The group is also since two years leading the first phase III trial of a pure anti-inflammatory agent for seondary prevention in patients with coronary atherosclerosis. The STABILITY trial evaluates the clinical efficacy of darapladib inhibiting lipoprotein bound phosphoplipase-A2 versus placebo in around 15000 patients for 3 – 4 years. Additional scientific assets in the study are a substudy of implementation of adherence to current treatment guide-lines, a life-style substudy, a mental status substudy and finally a biomarker and genetics program. This study will be concluded in 2014.

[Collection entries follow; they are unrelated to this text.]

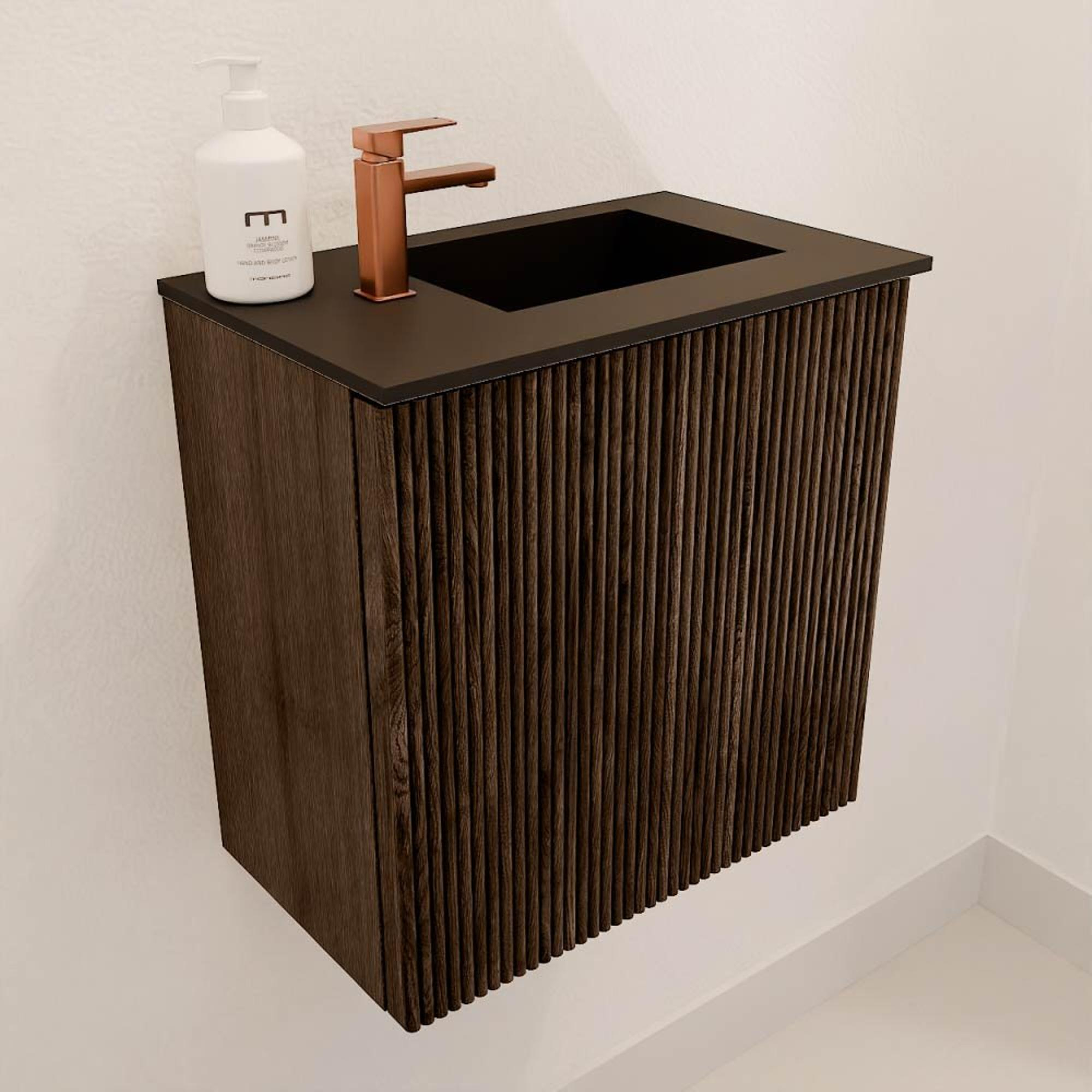 Transformeer jouw badkamer met dit compacte en stijlvolle meubel dat perfect past in kleinere ruimtes zonder in te leveren op elegantie en functionaliteit. Het meubel combineert een warme walnootkleur met een eigentijdse uitstraling dankzij de verticale groeven in het front, wat direct sfeer en karakter toevoegt aan je badkamer. De wastafel met een kraangat aan de rechterkant maakt het gebruiksgemak compleet en sluit naadloos aan op jouw dagelijkse routines. Dankzij het slimme ontwerp en de hoogwaardige materialen geniet je van een meubel dat niet alleen mooi is om te zien, maar ook praktisch in gebruik en eenvoudig te onderhouden. Zo creëer je een badkamer die niet alleen functioneel is, maar ook uitnodigt tot ontspanning en comfort.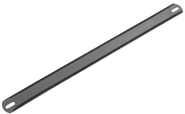 Kétoldalas fűrészlap. A fűrészlap egyik oldala fémre való, a másik oldala fa vágására van fogazva.
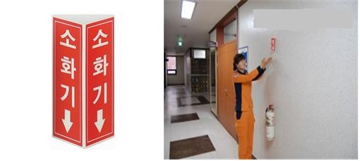 |  | | | ↑↑ 소화기 위치 표지, 보이는 소화기 및 위치표지 높이 | | ⓒ 김천내일신문 | |

National coordinator (Claes Held) for the HOPE-3 trial that evaluates rosuvastatin and/or candesartan/hydroklortiazid compared with placebo to patients without overt cardiac disease but moderately elevated risk for CAD.

Meta analyses of four phase II studies with new oral anticoagulants after acute coronary syndromes. Manuscript under preparation.

Leading the first large scale randomized study in the world completely driven within the framework of a quality registry: Thrombus aspiration in ST- Elevation myocardial infarction in Scandinavia (TASTEtrial). A multicenter, prospective, randomized controlled clinical registry trial based on the Swedish angiography and angioplasty registry (SCAAR) platform. All 29 PCI centres in Sweden participates.

Comparison of eptifibatide and abciximab in primary percutaneous coronary intervention. This is an example of how a quality registry (Swedeheart/SCAAR) might be used for evaluating treatment in clinical routine.

Implementation of treatment

During 2010 the results of the randomized quality improvement study: European Quality Improvement Programme for Acute Coronary Syndrome (EQUIP) have been analyzed and submitted for publication. The study lead by our group in collaboration with M. Flather, London, and performed in UK, France, Poland, Spain and Italy, showed that a systematic improvement program can significantly improve the management of non-ST elevation acute coronary syndromes.

The long-term analysis of the Swedish Quality Improvement study in AMI, QUICC, was published showing improved clinical outcome in hospitals participating in a Swedish quality improvement initiative.